** What you will do **
Copy exactly, beginning with the line holding "Display mit 24" and ending with the final line of the data beneath this task; copy nothing else, and leave out every picture.

-- Information supplied follows --

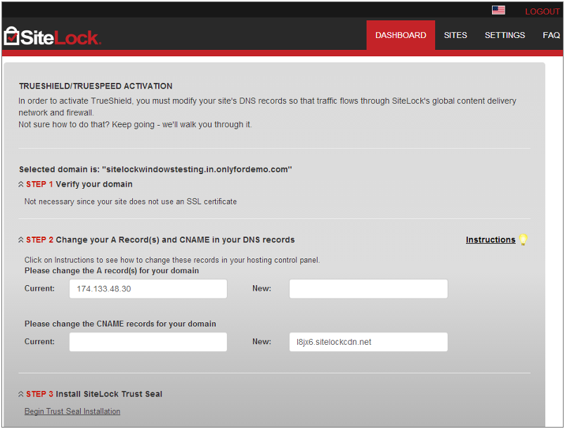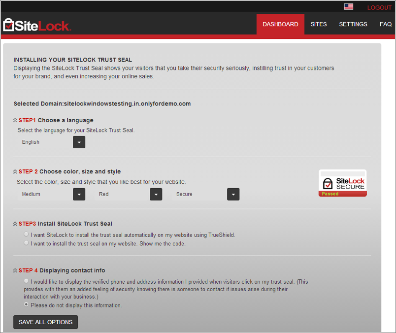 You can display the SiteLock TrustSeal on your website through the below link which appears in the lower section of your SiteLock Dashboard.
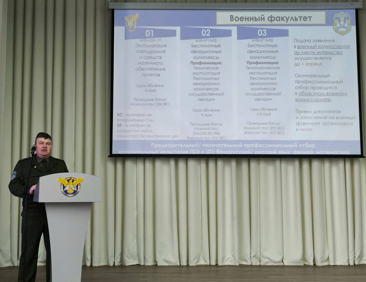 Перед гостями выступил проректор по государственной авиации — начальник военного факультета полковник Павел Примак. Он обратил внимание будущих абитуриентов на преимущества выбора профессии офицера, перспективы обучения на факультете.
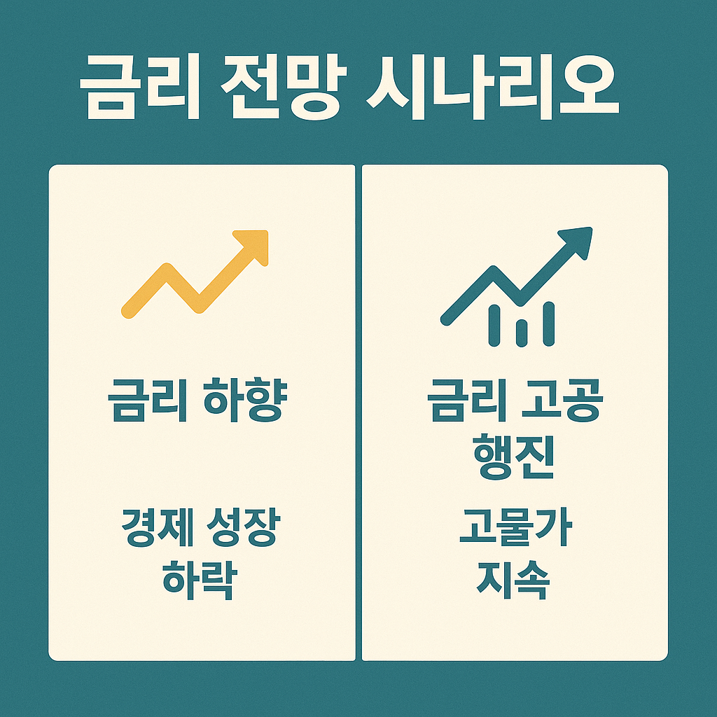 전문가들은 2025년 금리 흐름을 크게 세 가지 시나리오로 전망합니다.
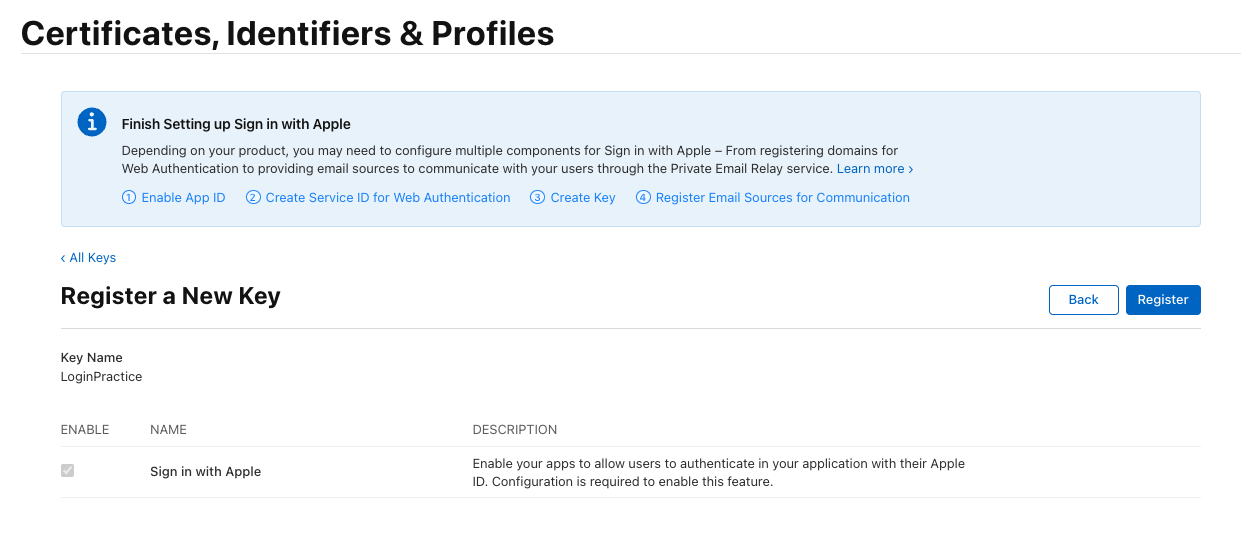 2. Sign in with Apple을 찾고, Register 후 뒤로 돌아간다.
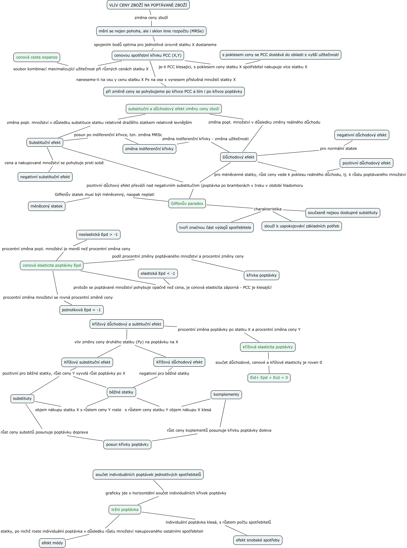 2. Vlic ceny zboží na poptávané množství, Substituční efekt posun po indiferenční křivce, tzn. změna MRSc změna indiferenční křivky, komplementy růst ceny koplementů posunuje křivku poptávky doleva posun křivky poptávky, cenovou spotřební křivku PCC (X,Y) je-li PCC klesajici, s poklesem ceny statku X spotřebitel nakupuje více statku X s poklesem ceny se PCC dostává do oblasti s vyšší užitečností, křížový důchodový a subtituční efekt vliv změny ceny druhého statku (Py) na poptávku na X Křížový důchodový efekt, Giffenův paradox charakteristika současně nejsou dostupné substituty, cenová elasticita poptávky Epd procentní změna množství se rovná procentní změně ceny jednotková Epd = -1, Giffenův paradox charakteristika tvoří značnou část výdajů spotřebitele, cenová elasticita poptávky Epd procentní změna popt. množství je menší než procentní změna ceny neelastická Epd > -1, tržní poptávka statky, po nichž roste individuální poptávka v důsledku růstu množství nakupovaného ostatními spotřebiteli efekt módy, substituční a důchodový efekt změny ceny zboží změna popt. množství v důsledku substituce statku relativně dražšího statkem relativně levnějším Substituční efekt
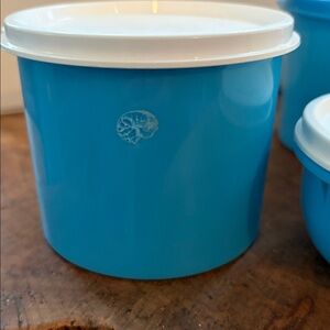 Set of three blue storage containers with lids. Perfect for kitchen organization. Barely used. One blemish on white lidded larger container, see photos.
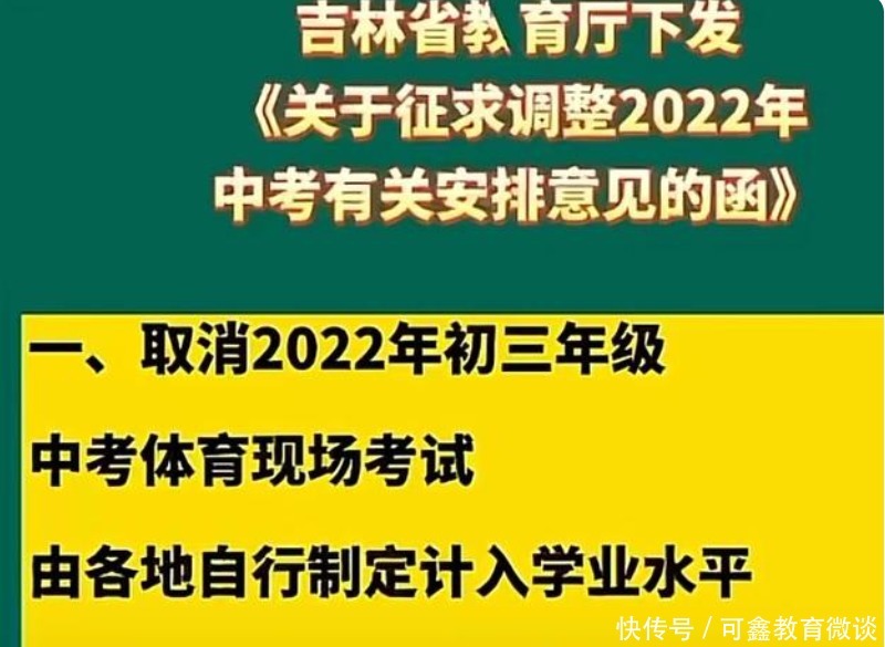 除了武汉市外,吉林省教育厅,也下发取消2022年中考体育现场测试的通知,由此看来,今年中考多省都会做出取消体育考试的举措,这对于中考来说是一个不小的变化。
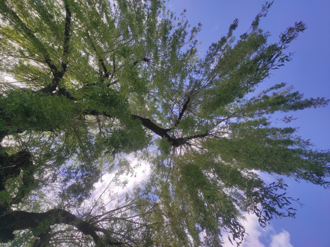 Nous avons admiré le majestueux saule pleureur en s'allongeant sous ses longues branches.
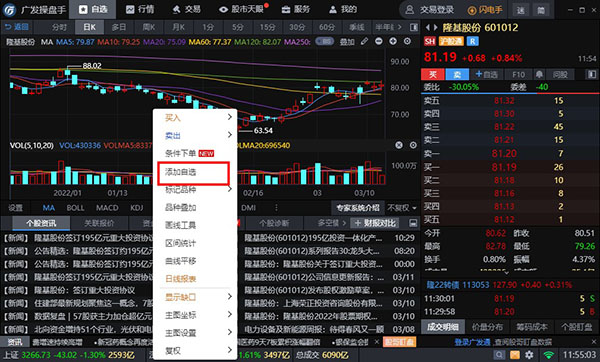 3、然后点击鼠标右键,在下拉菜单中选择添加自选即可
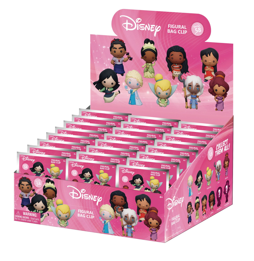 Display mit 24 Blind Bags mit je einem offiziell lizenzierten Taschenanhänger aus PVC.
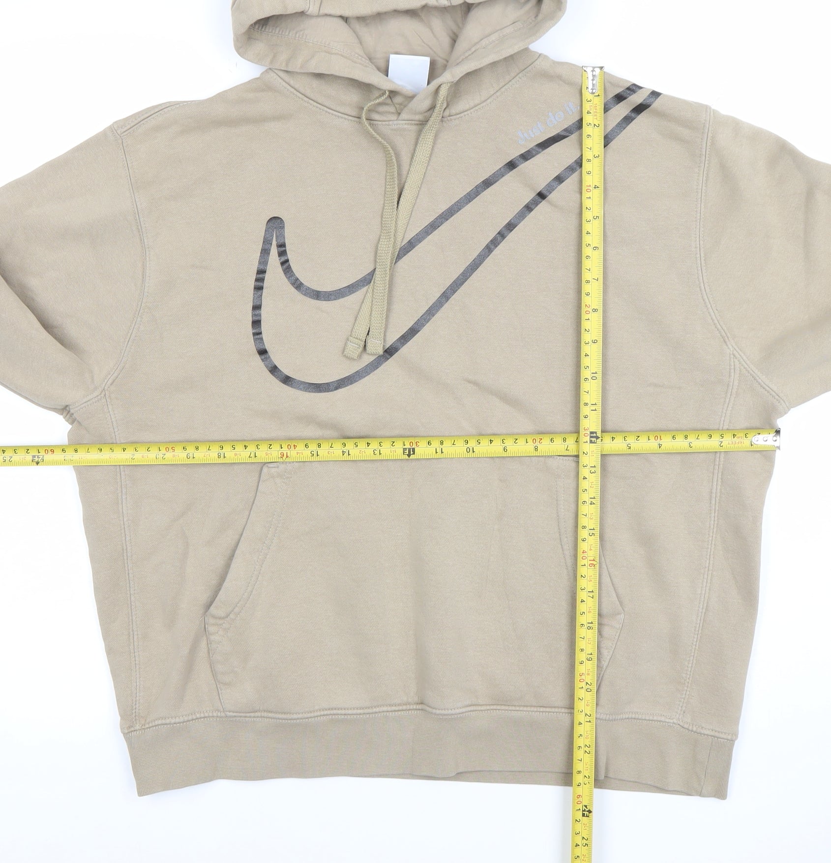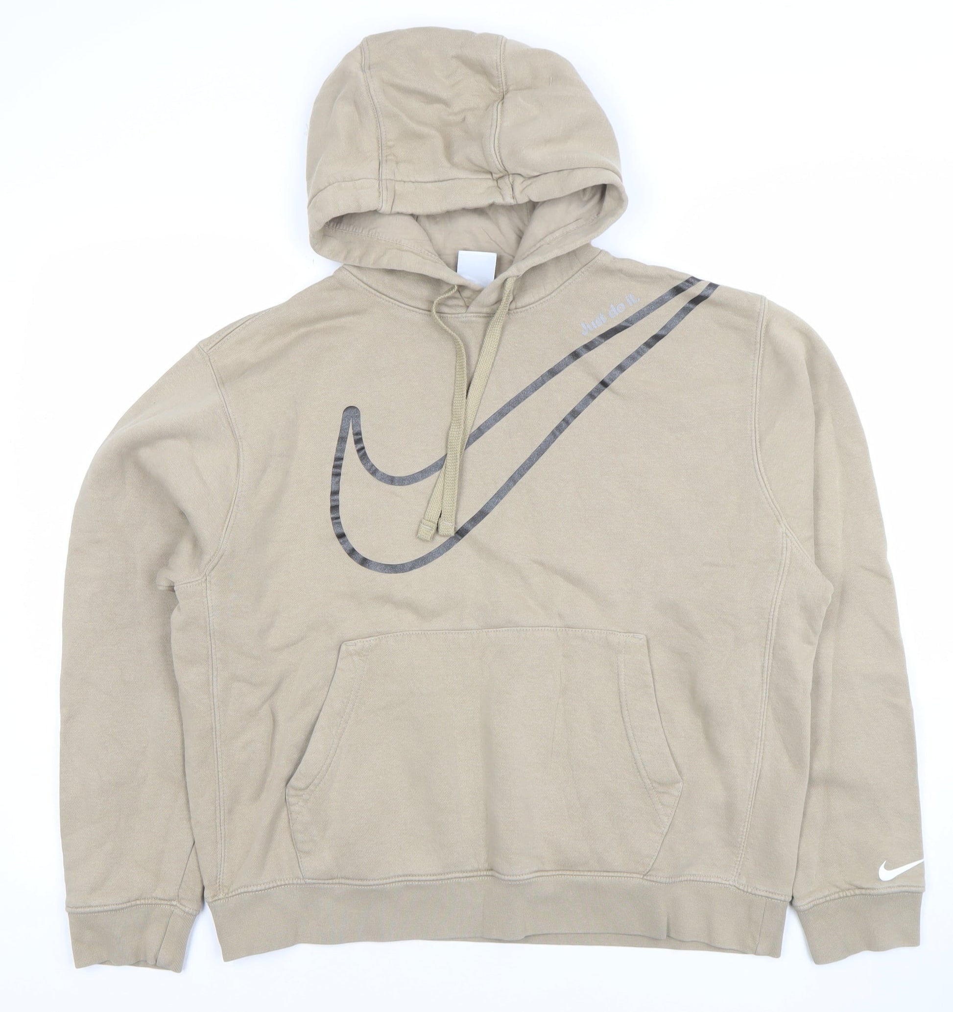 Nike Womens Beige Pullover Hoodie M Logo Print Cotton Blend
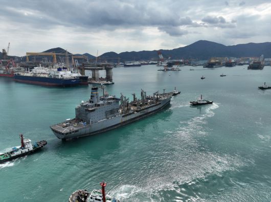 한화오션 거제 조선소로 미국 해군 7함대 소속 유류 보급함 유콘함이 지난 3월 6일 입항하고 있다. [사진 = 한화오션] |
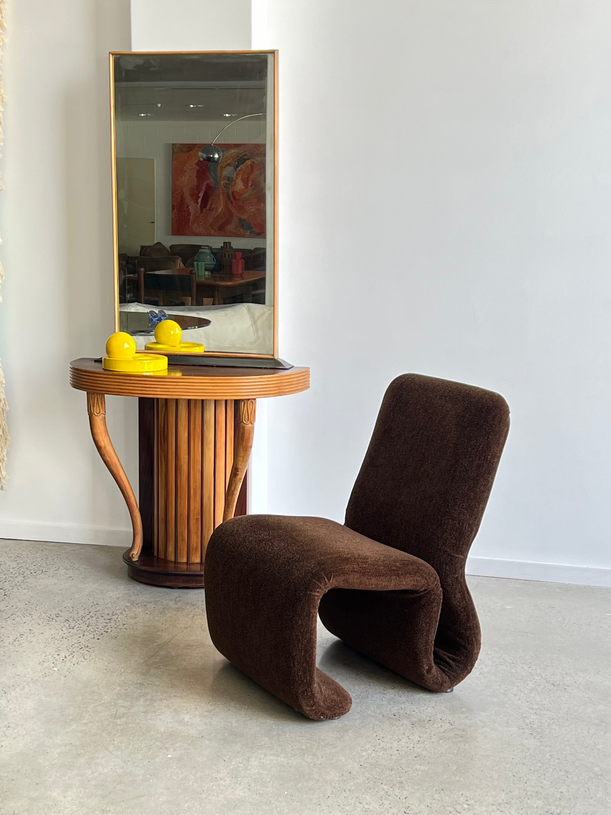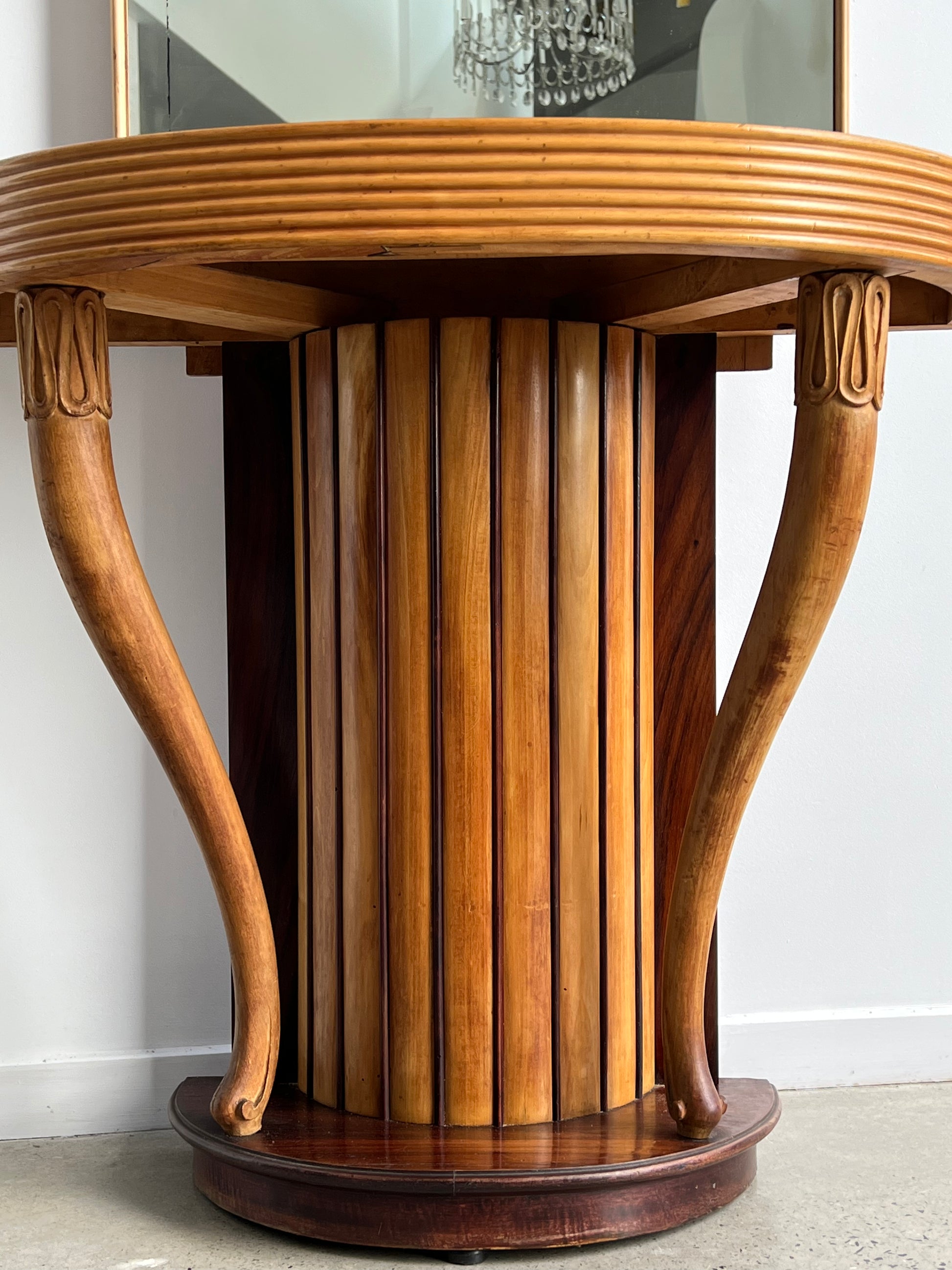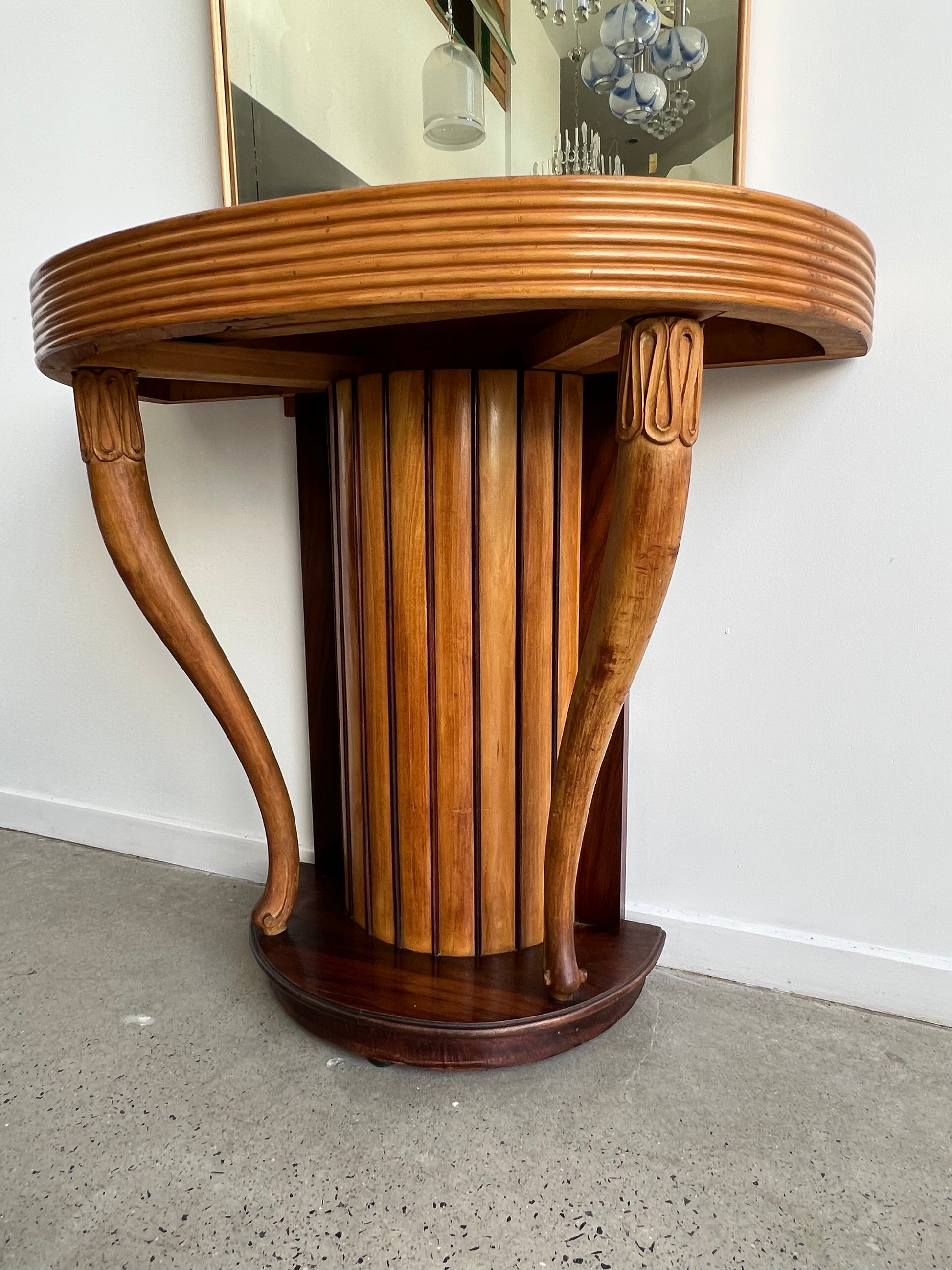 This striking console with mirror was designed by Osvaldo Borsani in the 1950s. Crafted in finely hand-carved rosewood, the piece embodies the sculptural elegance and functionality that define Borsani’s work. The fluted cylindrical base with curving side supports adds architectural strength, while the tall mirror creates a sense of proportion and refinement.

-- Information supplied concluded --

** Exercise result **
 Display mit 24 Blind Bags mit je einem offiziell lizenzierten Taschenanhänger aus PVC.
 Nike Womens Beige Pullover Hoodie M Logo Print Cotton Blend
 한화오션 거제 조선소로 미국 해군 7함대 소속 유류 보급함 유콘함이 지난 3월 6일 입항하고 있다. [사진 = 한화오션] |
 This striking console with mirror was designed by Osvaldo Borsani in the 1950s. Crafted in finely hand-carved rosewood, the piece embodies the sculptural elegance and functionality that define Borsani’s work. The fluted cylindrical base with curving side supports adds architectural strength, while the tall mirror creates a sense of proportion and refinement.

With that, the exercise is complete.